St Matthew 11:20-24
Jesus has spent a considerable amount of time and energy in the cities of Chorazin and Bethsaida. These cities are North of the Sea of Galilee and about five miles from Capernaum where Jesus stays with His mother Mary in St Peter’s house. These two cities have been honoured more than others by Jesus’s presence there and the miracles and works carried out by Jesus.
Jesus criticises these cities for their lack of response to Him and insults them by saying that Tyre and Sidon, pagan cities, would have repented in sackcloth and ashes had they experienced and witnessed what took place in Chorazin and Bethsaida.

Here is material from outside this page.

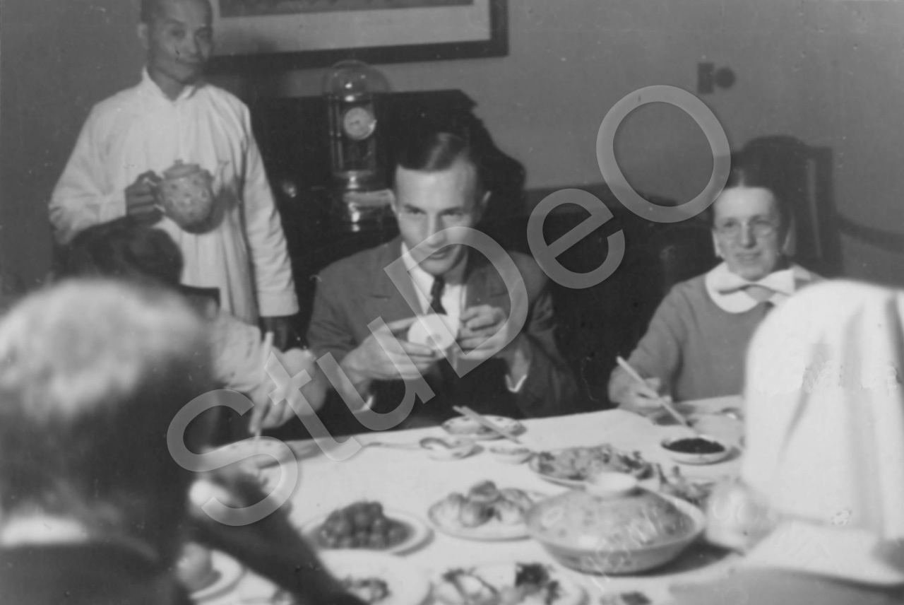 Beschreibung: Prof. Günther Huwer beim chinesisch Essen mit den Schwestern, Schwes­ter Julchen, die die Verwaltung im  Deut­schen Hospital Peking inne hat,  Chinesischer Diener serviert Tee.

The city of Capernaum receives an even greater condemnation. This is where Jesus has made His home after leaving Nazareth. Jesus makes an astonishing statement that their guilt is even greater than the city of Sodom, which was totally destroyed by God (Genesis 19:24-25). Jesus is dismayed at their lack of gratitude and their refusal to convert and repent. Although these are all thriving cities in the worldly sense, they are spiritually inept and dead.
Jesus expects us to be grateful for the gifts of His sacraments, the blessings and graces that He shares with us. He also expects us to respond to Him and invite Him deeper into our lives and into our daily choices and decisions. The people of Chorazin, Bethsaida and Capernaum were indifferent to Jesus and did not avail themselves to what the Lord was offering them. Jesus calls us to Himself each day. Do we always respond?
St Clare of Assisi (1194-1253)
“We become what we love and who we love shapes what we become. If we love things, we become a thing. If we love nothing, we become nothing. Imitation is not a literal mimicking of Christ, rather it means becoming the image of the beloved, an image disclosed through transformation. This means we are to become vessels of God´s compassionate love for others.”